Why does inserting a printf statement make my function work correctly? [closed]

Question

Here's the basic premise of my code:

while(norm_of_error > tol){
  #pragma omp parallel for
  for(i = 1; i <= N*N; i++){
    //printf("thread id: %d\n",omp_get_thread_num());
      :
    int val = based on i
      :
    #pragma omp critical
    x[i-1] = val;
  }
  #pragma omp barrier
  iter++;
}

In short, I am solving Ax = b using the Jacobi iterative method. My problem is that, with the printf() statement uncommented, the norm_of_error tends to zero and the while loop ends. However, by simply commenting out the printf() statement, this doesn't happen. Can anyone give me a hint as to why the printf() statement has any impact? I'm guessing that the issue has to do with the call to omp_get_thread_num(), but I don't see why that would make any difference.

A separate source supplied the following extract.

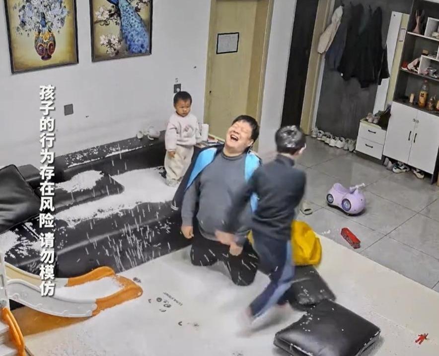 河南有爸爸在家里带两个孩子。 这日爸爸带俩孩子在家看电视,其中一个孩子突然犯起了调皮的毛病,不知道是不是自己情绪感到了兴奋,站在家里懒人沙发高处,后往懒人沙发垫子上一跳,这一跳不要紧,明显沙发垫子没有抗衡住孩子的力量爆了。 当即沙发垫子内的填充物开始在房屋客厅里如雪花飘荡,此刻爸爸却没有生气,哪怕沙发的价格昂贵,爸爸选择了和孩子们在客厅里一起嬉闹起来,看样子把爸爸心里的童年也诱惑出来,要不是妈妈出来生气,爸爸还不知道与孩子们要玩多久,妈妈的警告让爸爸随后只好来收拾了。 这里看到一名爸爸的心态,他以自己的行为而改变家里孩子的个性,如想爸爸发火,孩子们肯定会哭而没有现在的欢笑,爸爸以自己的想法带给孩子们的一次欢乐。 这里看到父母的情绪其实就是孩子们的情绪,爸爸以自己的心态改变了此刻要发生的情绪变化,孩子们感受不是爸爸的脾气而是爸爸带来的欢笑,这一刻孩子们是高兴的。 这里看到爸爸处理孩子犯错的方式,毕竟沙发坏了,还可以再换或修一修还能用,但如果此时爸爸发火惩罚孩子,那孩子在这个家里一定会小心翼翼,反而不利于孩子的成长,这名爸爸是聪明的。
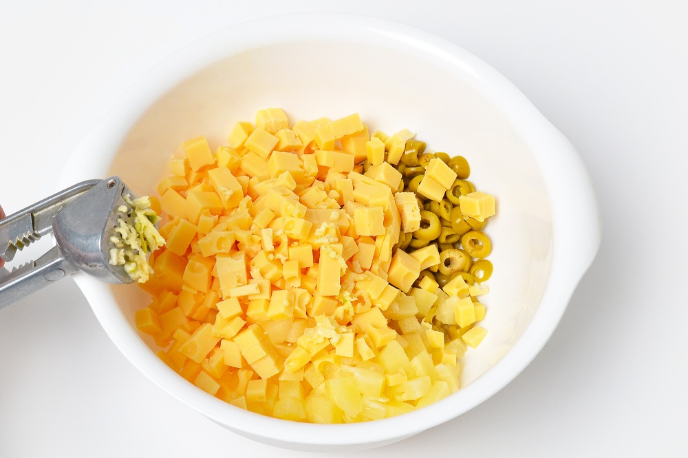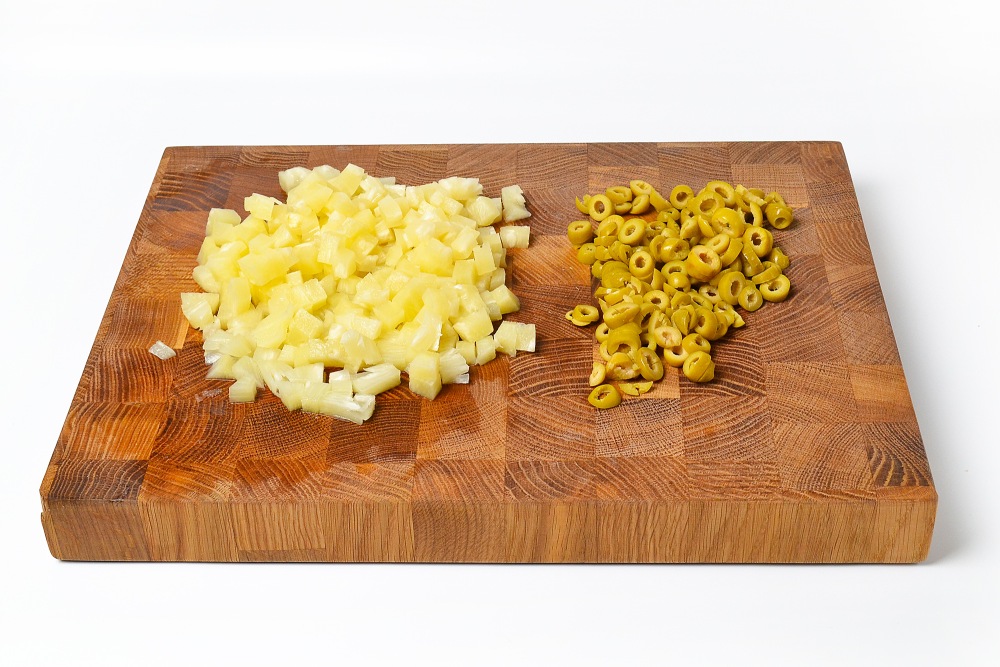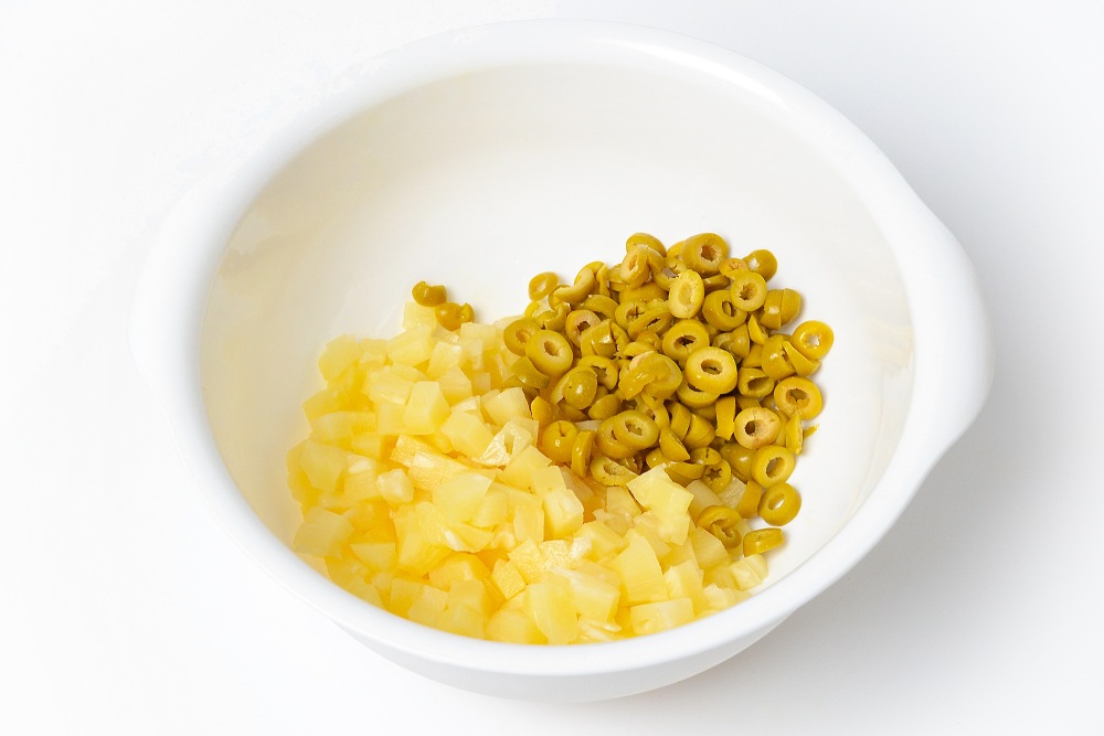 Совет: перед приготовлением слейте жидкость с оливок и ананасов, откиньте их на сито или дуршлаг, а затем просушите бумажными полотенцами.

Edit: I changed the printf() statement to printf("hi\n"); and the code works. Comment that out, and the code doesn't work.

Answer 1

Code that works with a printf() statement present, but fails when it is removed, is usually a sign of some invalid operation affecting memory in the program somewhere (e.g. falling off the end of an array, dereferencing NULL, etc). The misbehaving code may be in some other section of the program entirely (e.g. not within the function that contains the printf() statement)

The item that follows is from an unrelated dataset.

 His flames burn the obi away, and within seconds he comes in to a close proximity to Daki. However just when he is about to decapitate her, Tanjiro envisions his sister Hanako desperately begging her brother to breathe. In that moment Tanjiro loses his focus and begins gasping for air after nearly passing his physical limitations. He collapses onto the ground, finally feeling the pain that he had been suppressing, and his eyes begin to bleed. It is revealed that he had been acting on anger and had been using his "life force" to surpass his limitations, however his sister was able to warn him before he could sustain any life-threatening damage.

That is even more likely when the offending printf() statement is something obviously innocent, and without any side effects that can affect behaviour of other code (such as printf("Hi\n")).

The reason is that the presence of the extra printf() does actually affect layout of memory for the program as a whole. So the offending code (which may be in some completely unrelated part of the program) still overwrites memory, but the consequence changes (e.g. overwriting some data the program is permitted to change, rather than some area of memory that causes the operating system to terminate the program).

This is true whether or not the code is multithreaded.

Without complete code that illustrates the problem (i.e. a small sample that someone else can compile, build, and run to get the same symptom) it is not possible to be more specific.

Answer 2

You haven't posted your code so we can't know for sure, but this typically arises because you are trying to share data amongst threads without adequately indicating that the data is to be shared.

With the printf removed, your program is loading the data into a register, and when it needs the data again, it remembers the value in the register rather than fetching it from memory again, thus it doesn't see any changes your other threads may have made.

With the printf in place, your program doesn't hold the data in register -- maybe it can't afford to spend a register that way, or it can't determine that a function call is incapable of changing the data (sure, it's just printf, but it might not be special cased, and even if it is, the compiler is better at finding loopholes that might allow printf to change data than you are) -- so it rereads the data from memory after the call to printf, and thus sees whatever prior changes that have been made in other threads.

Another thing the printf could change is timing: I/O statements are pretty slow as compared to computation, and there is likely some amount of synchronization happening inside the I/O library; your print might be acting as a pseudo-barrier that is preventing a race condition from occurring.